Eye, a co-production between MGM's American and UK offices, was filmed in England in 1965 by the great journeyman director J Lee Thompson. Thompson is most famous for the original Cape Fear and The Guns of Navarone, but for me his most interesting era was his period working with Charles Bronson, a nine-film venture which ran from 1977 to 1989. His only straight-up horror film (he had previously adapted a William Peter Blatty novel but it was a comedy), Eye of the Devil is laden with witchcraft, occultism, black magic, small village conspiracies and ritual sacrifice but at its center is the story of a woman desperate not to lose her husband. David Niven is a London-based vintner who learns the vineyards are failing at his ancestral grounds of Bellenac castle in France. He makes a hasty and melancholy departure, forcing wife Deborah Kerr to pack up the two kids and follow, despite the warning that locals at Bellenac "resent outsiders."

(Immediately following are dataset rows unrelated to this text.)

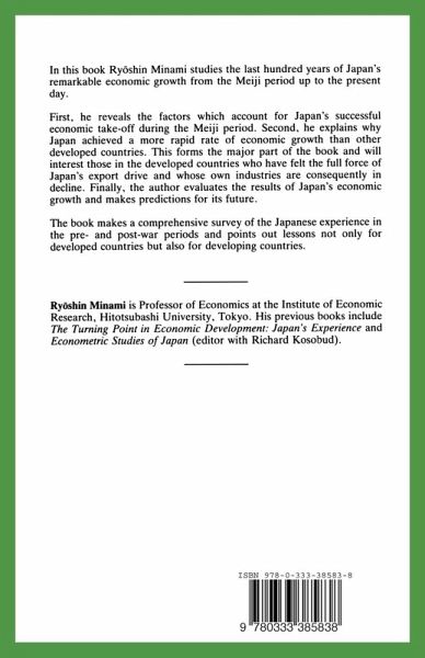 In this book Minami studies the last hundred years of Japan's remarkable economic growth from the Meiji period up to the present day. First he reveals the factors which account for Japan's successful economic take-off during the Meiji period. Secondly he explains why Japan achieved a more rapid rate of economic growth than other developed countries. This forms the major part of the book and will interest those people in the developed countries who have felt the full force of Japan's export drive and whose own industries are consequently in decline. Finally the author evaluates the results of Japan's economic growth and makes predictions for its future. The book makes a comprehensive survey of the Japanese experience in the pre- and postwar periods and points out lessons not only for developed countries but also for developing countries struggling to achieve a similar take-off.
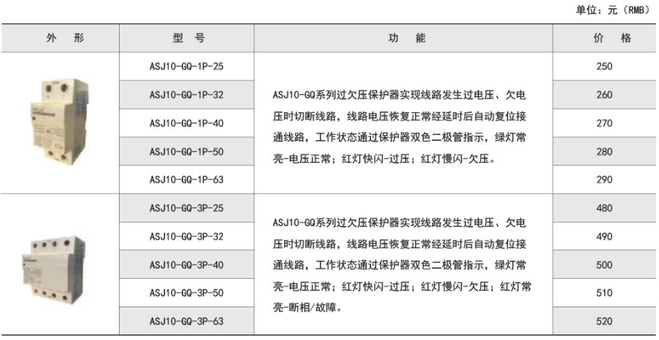 ASJ10-GQ系列自復式過欠壓保護器
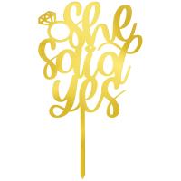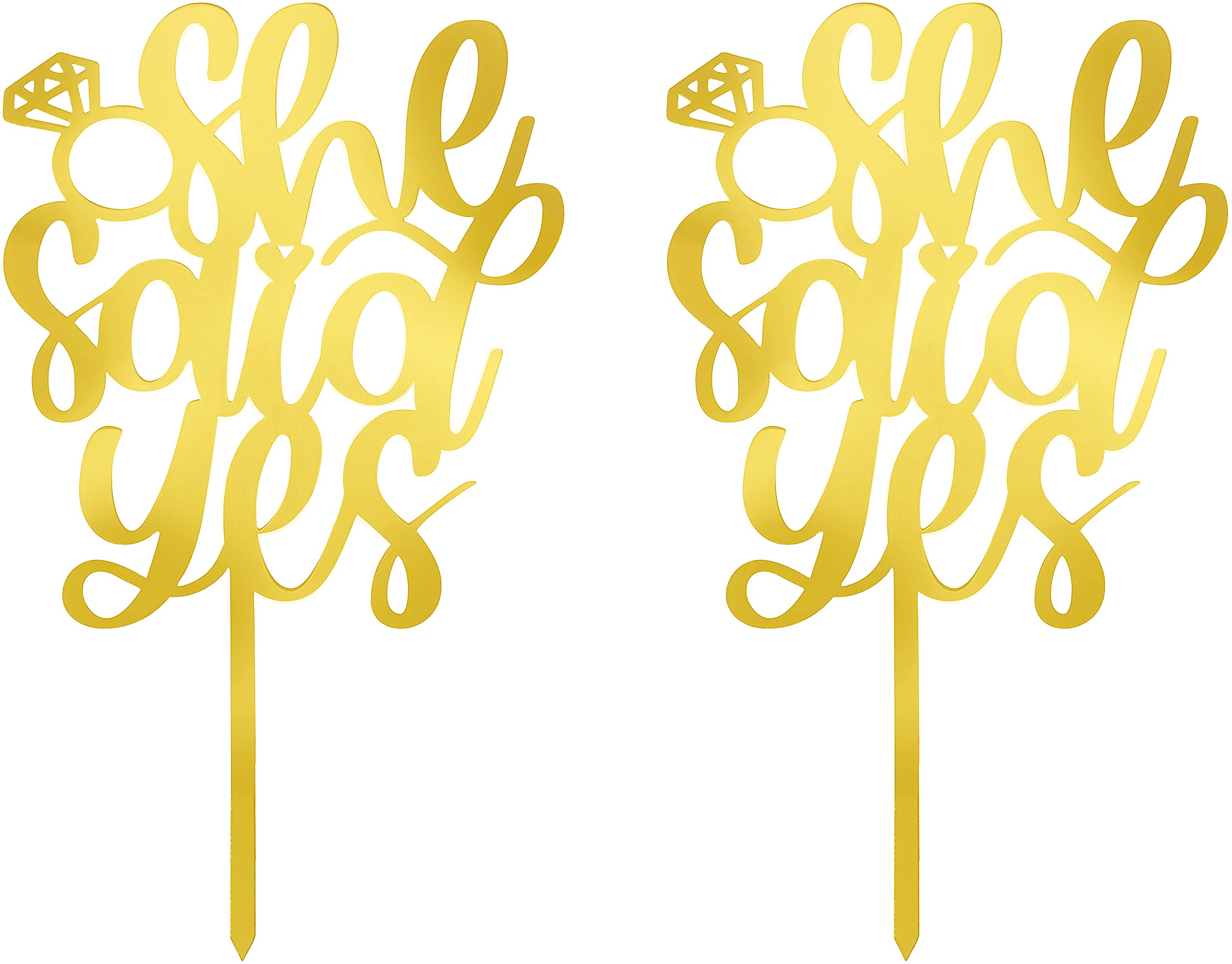 商品名:She Said Yes - ラブテーマ ゴールドケーキトッパー プロポーズ/ウェディング/ブライダルシャワー/記念ケーキ用 (2個パック)

It doesn't take long after Kerr's arrival for this to be validated. Besides being politely shut out of affairs of the estate by her husband's aunt and summarily dismissed as an ignorant foreigner by creepy priest Donald Pleasance, she's menaced by large groups of field workers who stand among the crops staring at her motionlessly (no wonder the vineyards have failed – get back to work!) Her husband grows further and more distant from her, drowning deeper into a mysterious despondency. And to make matters worse, two weirdoes in black are roaming the grounds turning toads into doves and then shooting them with a bow and arrow.

"Sharon was asked to play this very difficult role, of a rather witchlike person," Thompson stated in All Eyes on Sharon Tate, a studio-produced short publicizing its potential new starlet. "It was asking a newcomer to do a lot. She (took) direction beautifully. Very soon she began to realize that the camera was a friend." It's evident in the first of her two major scenes that the feeling was mutual. As castle groupie Odile de Caray, Tate is gorgeously framed and luminously photographed in black and white; her onscreen presence is effortlessly mesmerizing. Clad in black tights with high boots and jagged-stone medallion around her neck, her hypnotic movements are mirrored by the camera. Previously stuck in radically-angled (read: tilted) but static shots of other actors, the movie comes alive in Tate's close-ups. She moves her head and the camera follows, but wearily – because her eyes stay in the same place. What Thompson referred to in the short as Sharon's "star projection" is actually something more controlling: while her character's dialogue bewitches Kerr, her residence alone is enough to determine the motion of the shot.

In her first major scene, Kerr’s children find Tate sitting by a pond outside the castle. She disparages Kerr’s prediction of rain with the slow and enchanting declaration: "If it does the rain will not last, madam. These are not life-giving clouds." Life, as it develops later on in the film, has a natural partner in death. Just as Odile magically transforms an ugly toad into a handsome dove, her brother Christian (David Hemmings, looking more androgynous than ever) uses his archer skills to slay the birds, which the siblings then offer as sacrifice in pagan rituals in the deep bowels of the castle. To them, the cycle of life at Bellenec is simple: you were created here, you were nurtured by us, and in turn you must resign the life we've given you to allow nature to flourish. This is bad news for Niven, whose role in tending to the failing harvest may involve a little more than just walking around the fields squeezing grapes. He's part of something bigger – ancient, according to Pleasance – something Kerr is trying to uncover and everybody else is trying to keep her from meddling with, which Tate has been assigned to scare her away from.